Bisnis.com, JAKARTA – Guru Besar Fakultas Ekonomi Universitas Indonesia Mohamad Ikhsan pemerintah perlu mengantisipasi potensi inflasi 2022 yang cukup besar.
Hal ini terlihat pada inflasi volatile food yang mencapai 2,32 persen pada Desember dan inflasi IHK Desember sebesar 0,57 persen m-to-m, lebih tinggi dari rata-rata inflasi Desember 5 tahun sebelumnya sebesar 0,51 persen m-to-m.
Menurut Ikhsan, pada 2022 terdapat beberapa risiko yang harus dihadapi, diantaranya mengenai volatile food, kenaikan harga pangan pada lebaran, Natal, dan Tahun Baru.
Selain itu, adanya kenaikan harga komoditas seperti minyak goreng serta antisipasi kondisi cuaca.

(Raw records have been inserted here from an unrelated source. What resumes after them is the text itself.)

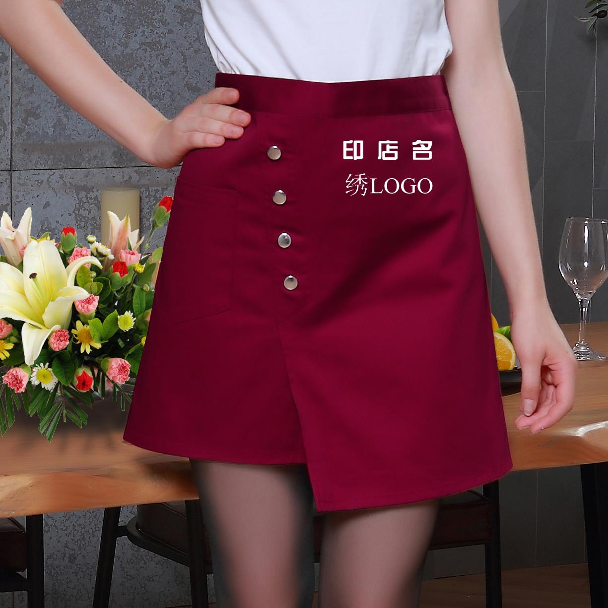 2213#半身开叉短围裙半截围腰 酒店餐厅饭店服务员工作定制包邮
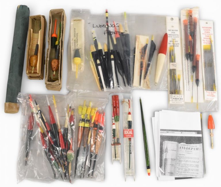 Good collection of rare coarse fishing floats, including Turner’s, Longjohn alloy float with instructions, in original tube, The Kelby wind beater float, alloy/cork sliding body, with papers in box, the Zip-Stick foam/glass float in card box, various Newark needle floats with pins, a French Ideal super winder with float, various cork/quill Avon patterns, an Allcock Stream Search float with paper, plus 2 others, plus collection of luminous floats.
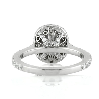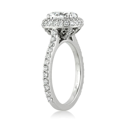 This exquisite cushion cut diamond wedding set is crafted to perfection. The colorless 1.80ct cushion cut diamond is GIA certified at D, VS1. The almost two carat center stone is extremely white and brilliant and sits atop a domed, two row diamond pave halo. Glistening round brilliant cut diamonds are pave set on the shank and the connectors for extra sparkle. For added detail, fine filigree is added in the basket area. This spectacular cushion cut engagement ring has a perfectly matching wedding band. This incredible platinum and diamond wedding set will become a family heirloom.
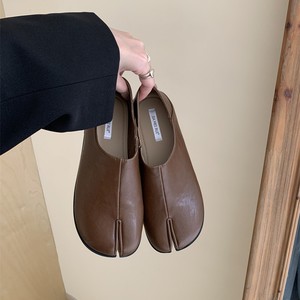 2025秋分趾猪脚单鞋女秋季新款法式复古休闲小皮鞋软平底乐福鞋
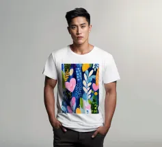 Un patchwork allegro e commovente di piante stilizzate, motivi vivaci e un grande cuore affettuoso. Questa opera d'arte eclettica è una gioiosa celebrazione dell'amore, della crescita e della bellezza artigianale.
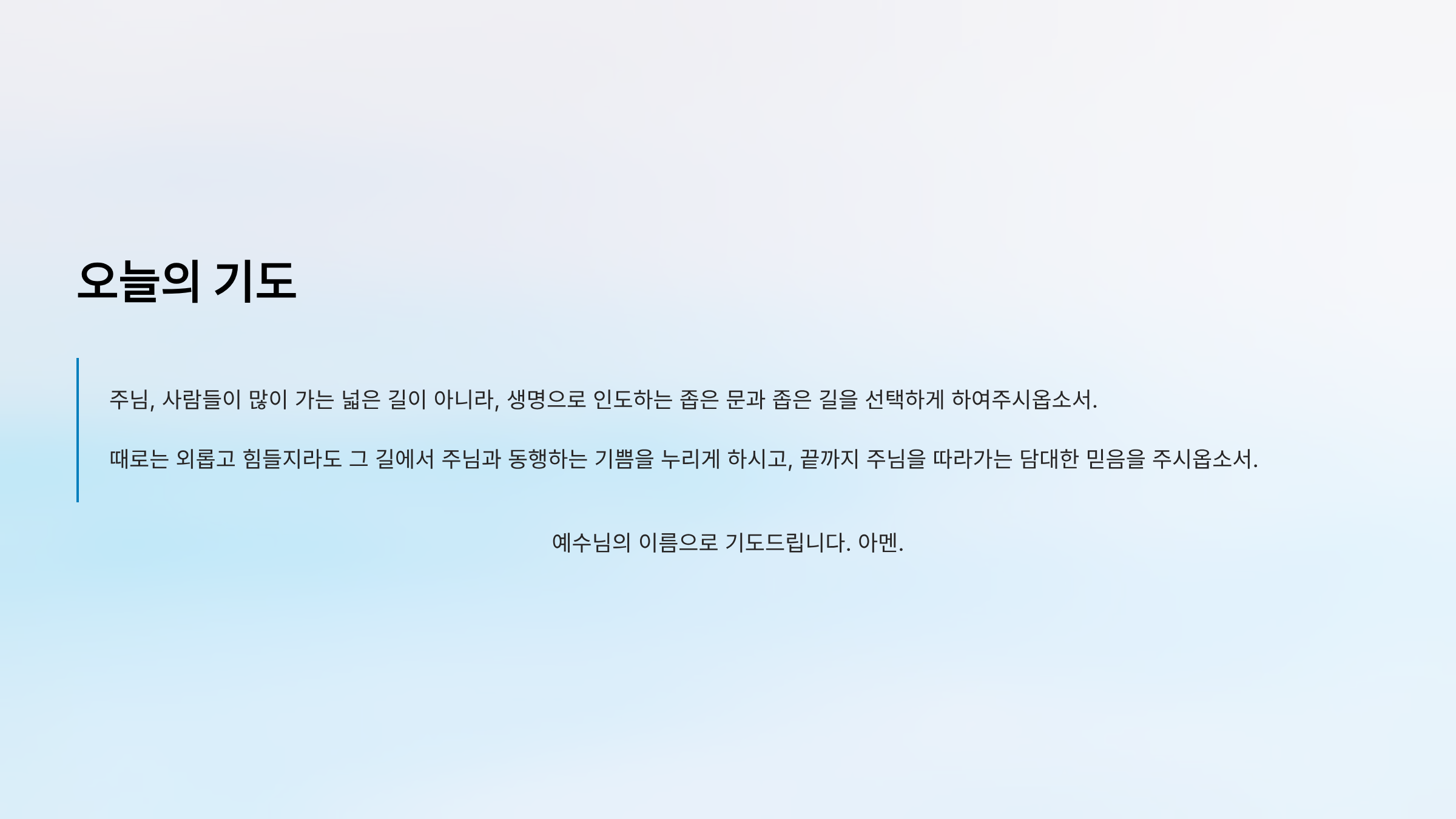 생명으로 인도하는 좁은 문과 좁은 길을 선택하게 하여주시옵소서.
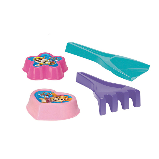 WADER Sada na písek 4ks plast lopatka,hrabičky,2ks formiček Tlapková patrola/Paw Patrola 4 barvy v síťce
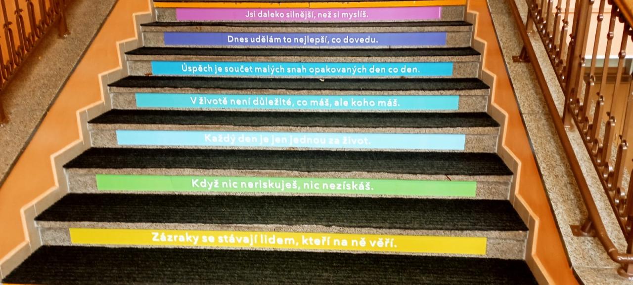 Naši školu zdobí od začátku prosince nové polepy na schodištích i na chodbách

“Hal tersebut harus diwaspadai terutama pada triwulan pertama. Untuk itu perlu disiapkan mitigasi, misalnya dengan meningkatkan stok supaya inflasi pada volatile food dapat dijaga. Yang harus juga diantisipasi adalah kenaikan harga energi. Diharapkan hal ini akan bergerak ke pola normal sehingga tekanan pada administered prices bisa berkurang,” ujarnya, dikutip dari keterangan resminya, Rabu (19/1/2022).
Jika dilihat dinamika inflasi selama empat tahun terakhir, terdapat dua periode kenaikan harga setiap tahunnya, yakni pada periode puasa–lebaran serta Natal–Tahun Baru.
Namun, pada periode puasa–lebaran 2021, inflasi volatile food di bawah satu persen. Hal ini menunjukan tidak terjadi kenaikan harga yang terlalu signifikan.
"Karena itu perlu mitigasi. Stok harus naik dan mungkin kita harus membuka keran impor pada kuartal I/2022 agar volatile food ini dapat dijaga," kata dia.